### Problem
Below are some entries. Repeat exactly the lines from the one with "RIMEX manufactures custom" through the one with "55 supporters organised", and only those.

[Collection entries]
▽

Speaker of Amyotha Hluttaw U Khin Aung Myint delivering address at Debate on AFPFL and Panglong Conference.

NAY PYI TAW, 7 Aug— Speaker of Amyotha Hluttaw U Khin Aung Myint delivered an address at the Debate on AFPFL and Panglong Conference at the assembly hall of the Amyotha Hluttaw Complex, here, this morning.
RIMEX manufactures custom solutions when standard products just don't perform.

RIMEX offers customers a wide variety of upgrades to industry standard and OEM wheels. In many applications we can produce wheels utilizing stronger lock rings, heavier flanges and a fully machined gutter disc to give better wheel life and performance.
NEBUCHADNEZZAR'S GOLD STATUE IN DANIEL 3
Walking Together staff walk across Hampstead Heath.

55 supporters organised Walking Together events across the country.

△
▽

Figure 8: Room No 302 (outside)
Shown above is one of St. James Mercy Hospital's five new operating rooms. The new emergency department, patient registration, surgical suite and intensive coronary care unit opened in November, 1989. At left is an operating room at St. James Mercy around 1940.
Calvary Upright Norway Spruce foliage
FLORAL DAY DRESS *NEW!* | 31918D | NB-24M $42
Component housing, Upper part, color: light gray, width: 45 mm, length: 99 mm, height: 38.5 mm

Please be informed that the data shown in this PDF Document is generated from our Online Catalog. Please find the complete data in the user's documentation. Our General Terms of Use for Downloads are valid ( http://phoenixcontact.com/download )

△

### Result of this exercise
RIMEX manufactures custom solutions when standard products just don't perform.

RIMEX offers customers a wide variety of upgrades to industry standard and OEM wheels. In many applications we can produce wheels utilizing stronger lock rings, heavier flanges and a fully machined gutter disc to give better wheel life and performance.
NEBUCHADNEZZAR'S GOLD STATUE IN DANIEL 3
Walking Together staff walk across Hampstead Heath.

55 supporters organised Walking Together events across the country.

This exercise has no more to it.